Problem details
Within the entries below, please return exactly the lines from the one with "Model 72979 SMA (F) TO SMB (F)" through the one with "Unscrew the push", leaving out any pictures.

Items from a dataset
——

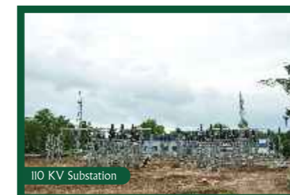
110 KV Substation

Food Court, Conference Hall, Training Hall, Bank, ATM etc.. Power Back-Up: 1010 KVA 2 nos. Diesel Generator providing 100% power back up Status: Ready for fit-out
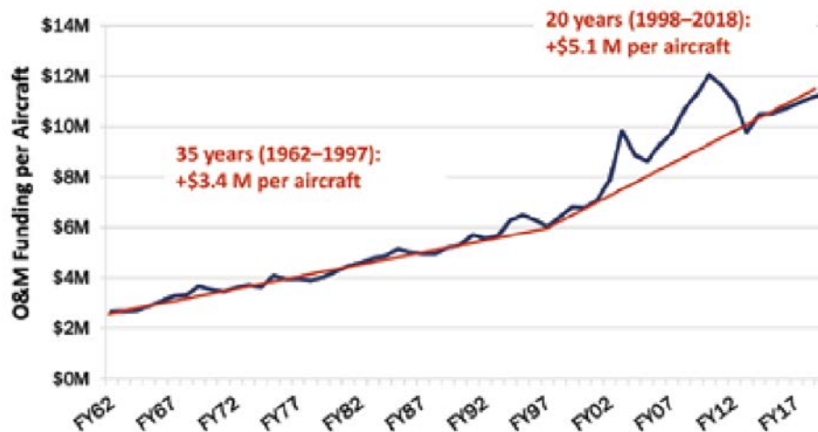
Figure 1: Trends in O&M funding per aircraft (Gunzinger et al., 2019)

Sustainment costs for USAF weapon systems, especially legacy systems, are untenable. Eckbreth et al., (2011) also tied the challenges to the sustainment enterprise to supply chains that are inefficient due to the inability to accurately predict parts needs. In 2011, they claim the demand forecast for spare part was only 19% accurate. Furthermore, the USAF expenditures to operate and maintain the active fleet ballooned to $63.7 billion in 2019 dollars. Part of the growth in sustainment expenses were due to the age of the fleet (Gunzinger, et al., 2019). Figure 1 shows the upward trend of operation and maintenance costs per aircraft across all fleets.
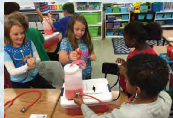
Students get hands-on experience learning how hard their hearts work pumping blood through their system and why it's important to keep your heart healthy in a recent “Passport to Fitness” program, funded with your donations to the Foundation.

health expo, scholarships for low income individuals to attend health management classes, health appraisals, screenings, two “Wellness Wagons” for community outreach, and more. Your gifts make a direct impact on funding these programs that reach out across all age groups to help individuals live healthier lives.
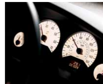
White sports instruments.
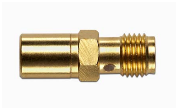
Model 72979 SMA (F) TO SMB (F)
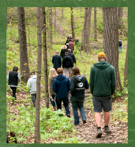
Volunteers, donors, and board members hike Linbrook Woodlands.
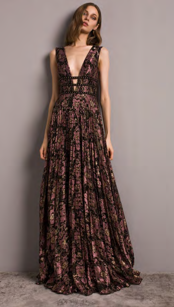
Rose gold lace pleated gown
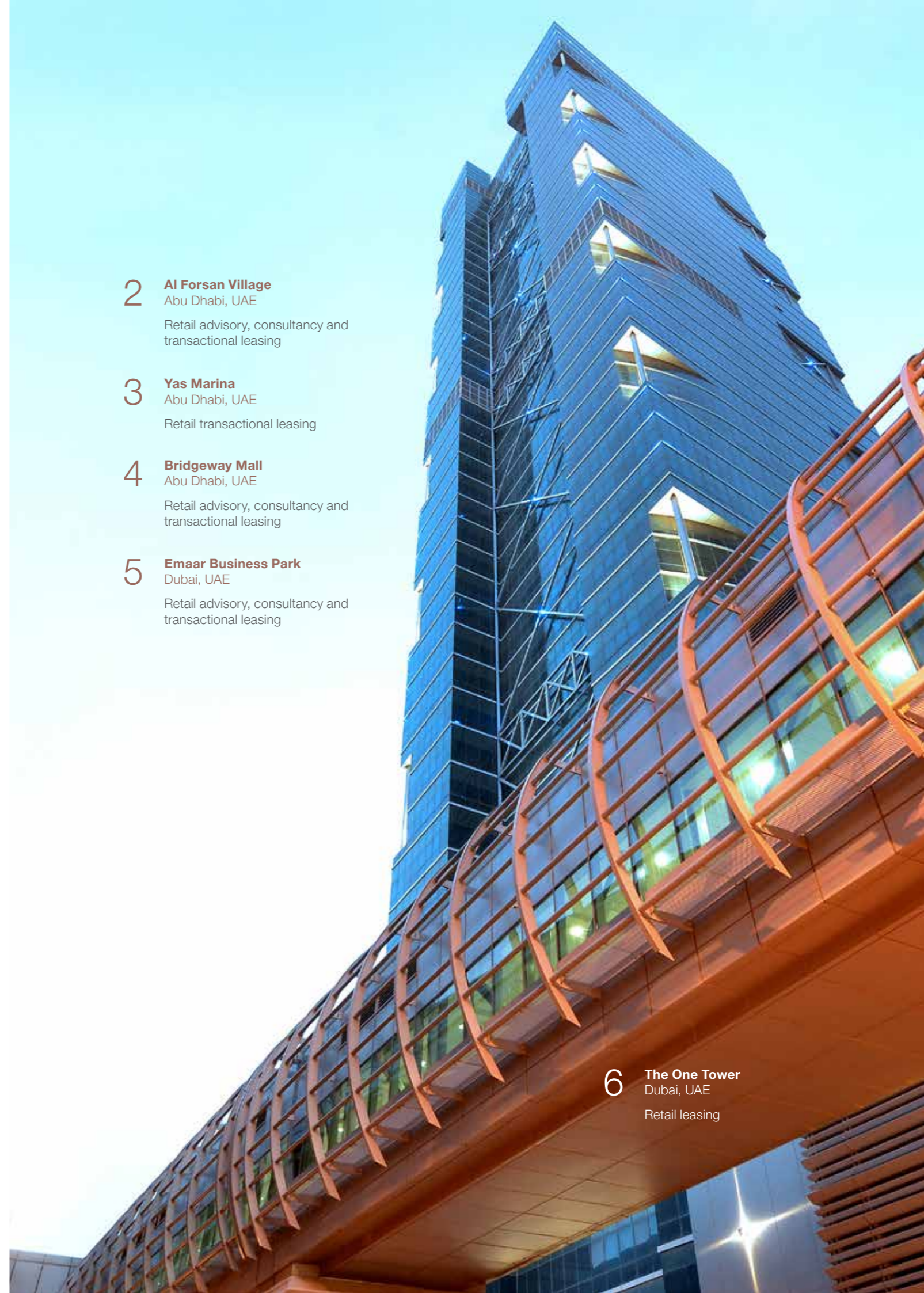
6 The One Tower Dubai, UAE Retail leasing
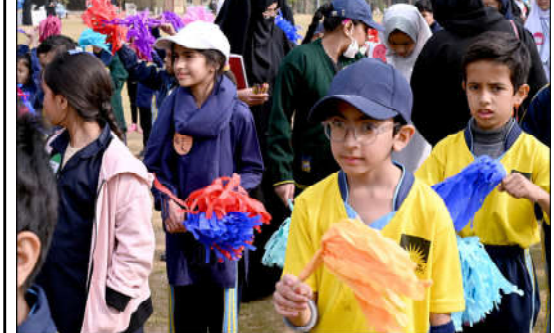
ISLAMABAD: Students participating in Annual Sports day session 2024-25 of Dar-e-Arqam school PWD, Pakistan town and Sohan Garden branches at Naval anchorage Club.

ISLAMABAD (APP): Indus River System Authority (IRSA) on Saturday released 96,500 cusecs water from various rim stations with inflow of 50,100 cusecs. According to the data released by IRSA, water level in River Indus at Tarbela Dam was 1503.25 feet and was 105.25 feet higher than its dead level of 1,398 feet. Water inflow and outflow in the dam was recorded as 23,700 cusecs and 49,000 cusecs respectively. The water level in River Jhelum at Mangla Dam was 1163.75 feet, which was 113.75 feet higher than its dead level of 1,050 feet. The inflow and outflow of water was recorded 5,900 cusecs and 27,000 cusecs respectively.
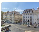
Corpo Santo Lisbon Historical Hotel Rua do Corpo Santo 25, Lisboa, Lisboa, PT, 1100
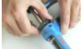
Unscrew the push rod guide and remove the cylinder.
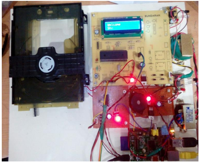
Figure 3. Original setup of proposed model

The image of every user entering the ATM is stored in the memory unit of Raspberry pi with date and time of their entry. This images can be used by the police in case of robbery occurs. If the vibration sensor on the door or ATM machine is triggered the door will be automatically closed and SMS alert will be sent to both the officials and the police control room. The alarm placed in the ATM booth will be triggered and alerts the public around the area. The original setup of proposed model is shown in figure 3.
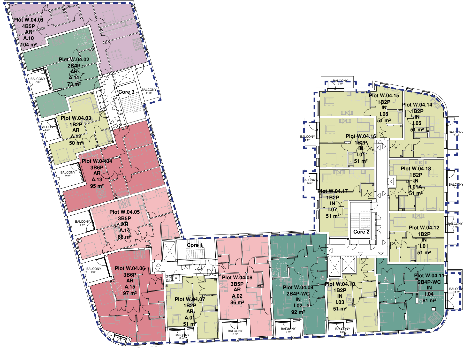
Proposed Fourth Floor Plan - scale 1:250

NOTES THIS DRAWING MUST NOT BE SCALED. ALL DIMENSIONS ARE TO BE VERIFIED AND CHECKED ON SITE. ANY DISCREPANCIES THAT ARE, OR BECOME APPARENT SHOULD BE REPORTED TO CHAPMAN TAYLOR. AREAS INDICATED ARE APPROXIMATE GROSS INTERNAL AREA. THEY RELATE TO THE LIKELY AREA OF THE BUILDING AT THE CURRENT STAGE OF DESIGN. ANY DECISIONS TO BE MADE ON THE BASIS OF THESE PREDICTIONS, WHETHER AS TO PROJECT VIABILITY, PRE-LETTING, LEASE AGREEMENTS, OR THE LIKE, SHOULD INCLUDE DUE ALLOWANCE FOR THE INCREASES AND DECREASES INHERENT IN THE DESIGN DEVELOPMENT AND BUILDING PROCESS. © COPYRIGHT CHAPMAN TAYLOR 2020
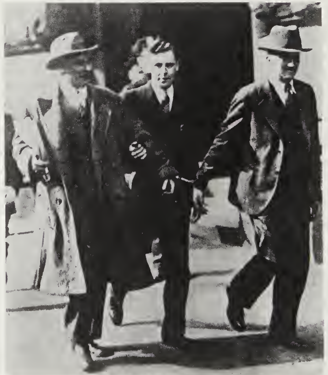
Robert Minor ( far left) and William Z. Foster being led away in handcuffs in New York City, March 6, 1930.
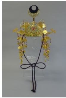
Heavenly Crown "Tenkan"

——

Result for this task
Model 72979 SMA (F) TO SMB (F)
Volunteers, donors, and board members hike Linbrook Woodlands.
Rose gold lace pleated gown
6 The One Tower Dubai, UAE Retail leasing
ISLAMABAD: Students participating in Annual Sports day session 2024-25 of Dar-e-Arqam school PWD, Pakistan town and Sohan Garden branches at Naval anchorage Club.

ISLAMABAD (APP): Indus River System Authority (IRSA) on Saturday released 96,500 cusecs water from various rim stations with inflow of 50,100 cusecs. According to the data released by IRSA, water level in River Indus at Tarbela Dam was 1503.25 feet and was 105.25 feet higher than its dead level of 1,398 feet. Water inflow and outflow in the dam was recorded as 23,700 cusecs and 49,000 cusecs respectively. The water level in River Jhelum at Mangla Dam was 1163.75 feet, which was 113.75 feet higher than its dead level of 1,050 feet. The inflow and outflow of water was recorded 5,900 cusecs and 27,000 cusecs respectively.
Corpo Santo Lisbon Historical Hotel Rua do Corpo Santo 25, Lisboa, Lisboa, PT, 1100
Unscrew the push rod guide and remove the cylinder.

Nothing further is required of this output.